Zamdhiji submitted his concoction to Lord Aapachita too. After which, nearly the whole civilised world got excited. From Arabia and Ethiopia in the west, to Byzantine and Persia in the north, Langka in south, Java and China in the far east. Fellow sweet meat supplies suppliers from the four, five or six corners of the world made contributions to Zamdhiji's karya to further enrich it. And Agatha's business bloomed.
Then Aarya Agatha took a moment in hind-sight. "I need to send my children to the best dharma-sutra sanghas - learning centres - in Lhasa, or Samarkand, or Gujerat or Alexandria. I could feed my family better. Wouldn't it be great if I could also own one of those Polynesian hand-crafted ocean-crossing yachts? And vacation twice yearly on the beaches of Gova?"

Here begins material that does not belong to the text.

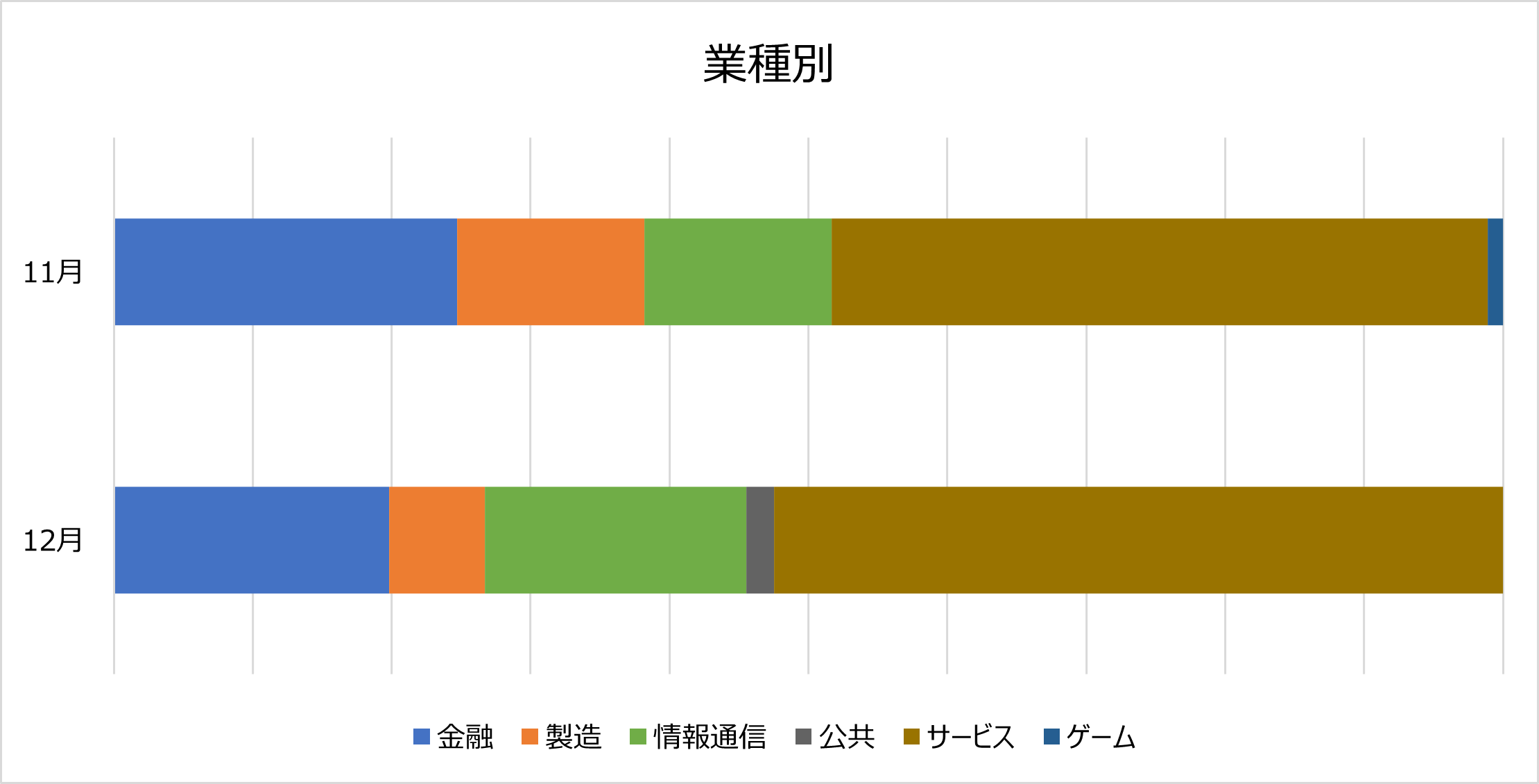 業種別に見ると情報通信とサービスが増えています。(その他業種を除く)

So, he created a similar sauce and called it ... well he could not call it SMMS-AK for obvious reasons. So he called it Agathaa Karya Sri-Moogli Madhura Sutra, AK-SMMS.
That was brilliant, he thought and gave himself a pat on his back. He further declared that he is taking all of Agathaa Karya, contributions from people from all over the known-civilised world inclusive, with him. They will no longer be administered by Lord Aapachita. Instead, he submitted them to the ascetic SriPaduka Aarya Matha (the venerated meditative stall-man whose-gracious-sandals-you-are-not-even-worthy-to-lick).
What is the difference? Ooo, the difference between Lord Aapachita and Lord Aarya Matha is huge. But that is beside the point because you can read their respective philosophies and zaastras (legalities) and what their implications would entail to the sweetmeat business from world-wide antara-sangha sutras. The point is ...
Well, the point is, Aarya Agatha has appeared to the known civilised world as an immature untrustworthy greedy business partner.
There was an uproarious uproar within the known civilised world - from Arabia and Ethiopia, to Constantinople, to Baghdad, to China, to Java and Sumatera and to Langka and even Madagascar and Tasmania.
To make matters worse, he declared, "Y'all are a bunch of wimps like puppets in a Javanese wayang opera."
To which, Zamdhiji protested, "Discussing the difference between Lord Aapachita and Lord Aarya Matha and their extreme implications to our business is nothing close to being puppets in a Javanese wayang opera."
To which, Aarya Agatha would shoot back, "True, true - but, but the way y'all whine about it is like being unprofessional puppets in a Javanese wayang opera." Like as though, "y'all could have silently come to my matha (meditation stall) and we could have discussed over it with chai and English muffins, and then I might graciously consider your proposals."
Well, we never knew that puppets in Javanese wayang operas could in any miraculous ways act professionally, did we? Which is also beside the point.
OK, end of debate. Zamdhiji and his collaborators decided - to naraka (hell) with Agathaa Karya, "We come up with Samartha Karya Sri-Moogli Madhura Sutra." A smarter recipe with Moogle's sweetness. Yes, indeed, next time we would be smarter than to fall into deceitful business dealings - I guess that is why they prefixed their new recipe with "Samartha".
Though Samartha is a Sanskrit word, incidentally, people ought to know that Shmarta in Hebrew has an implication of "being watchful and observant".